American infantrymen crowd into a mud-filled bomb crater and look up at tall jungle trees as North Vietnamese snipers fire at them during a battle in Phuoc Vinh, northeast of Saigon, June 15, 1967. (Photo by AP)

Official statistics show that the US death toll from the new coronavirus pandemic has soared more than 58,300 and surpassed the American fatalities in the 1954-1975 Vietnam War.

The total number of people who are confirmed to have contracted the virus reached more than one million on Tuesday, while the country’s death toll stood at 58,317, according to data from Johns Hopkins University.

The figures, which represent Washington’s handling of the virus during the three months of the outbreak, come as only 58,220 Americans were killed over two decades in Vietnam.

Nearly 17,000 US troops lost their lives during the war's deadliest year in 1968.

Asked whether a president deserves re-election if more American lives have been lost within six weeks than during the Vietnam War, Donald Trump said during a White House briefing on Monday that the US has "lost a lot of people" but "original projections" had initially predicted more than two million deaths.

"We're probably heading to 60,000, 70,000," he said. "One person is far too many for this."

Trump has frequently compared himself to a "wartime" president facing an "invisible enemy" during the public health crisis.

Trump is under fire for publicly downplaying the threat of the pandemic when it broke out in the US in late February, and his handling of the COVID-19 crisis.

The US president claimed at the time that coronavirus cases would soon “be down to close to zero,” and did not declare a national emergency over the pandemic until the end of March, as virus cases were on the rise in New York and the stock market nosedived.
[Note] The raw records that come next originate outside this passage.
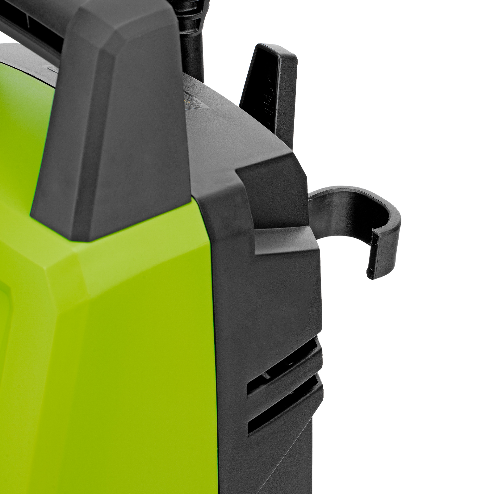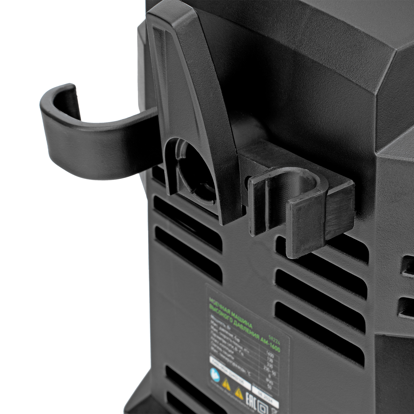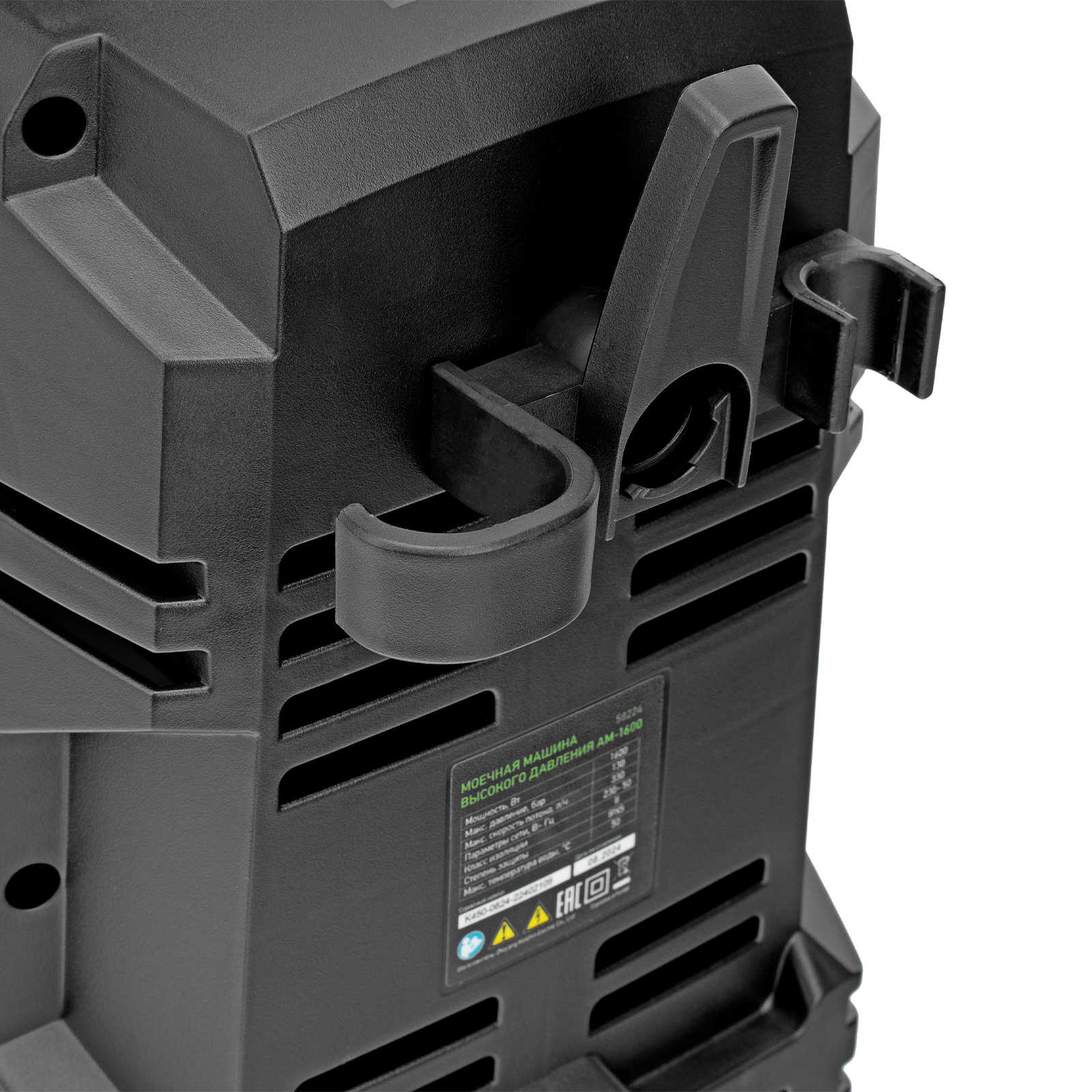 - Продуманное хранение и транспортировка — на корпусе имеется удобная ручка, для кабеля и шланга предусмотрены специальные кронштейны.
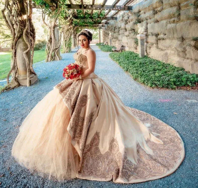 Женское платье с кружевной аппликацией, золотистое платье для выпускного вечера, со шлейфом, 16 цветов, 15 лет
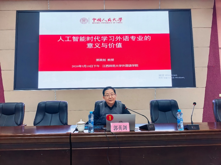 3月18日下午,中国人民大学全民阅读教育研究院院长郭英剑教授应邀为外国语学院师生作题为“人工智能时代,学习外语专业的意义与价值”的学术讲座。本次讲座由副院长胡新建教授主持,学院百余名师生到场聆听。
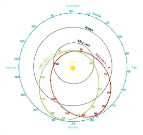 | Perihelion altitude | Helios-A: 0.31 AU Helios-B: 0.29 AU |
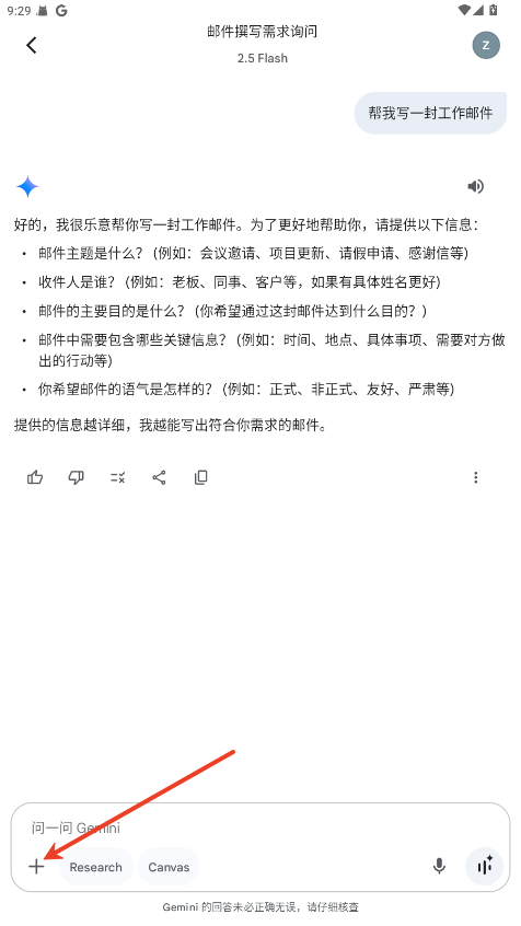 输入文字:直接键入问题或请求,例如“帮我写一封工作邮件”。

Since the flu-like pathogen broke out in the Chinese city of Wuhan in late December, Beijing and Washington have time and again clashed over the virus spread, further increasing tensions between the world's two largest economies.

Trump keeps referring to the novel coronavirus, which causes a respiratory disease known as COVID-19, as the Chinese virus. Beijing has hit back by suggesting that the US military brought the virus to Wuhan and initiated the outbreak.

The virus has so far infected over 3,136,000 people worldwide. Nearly 218,000 have died, according to a running count by worldometers.info.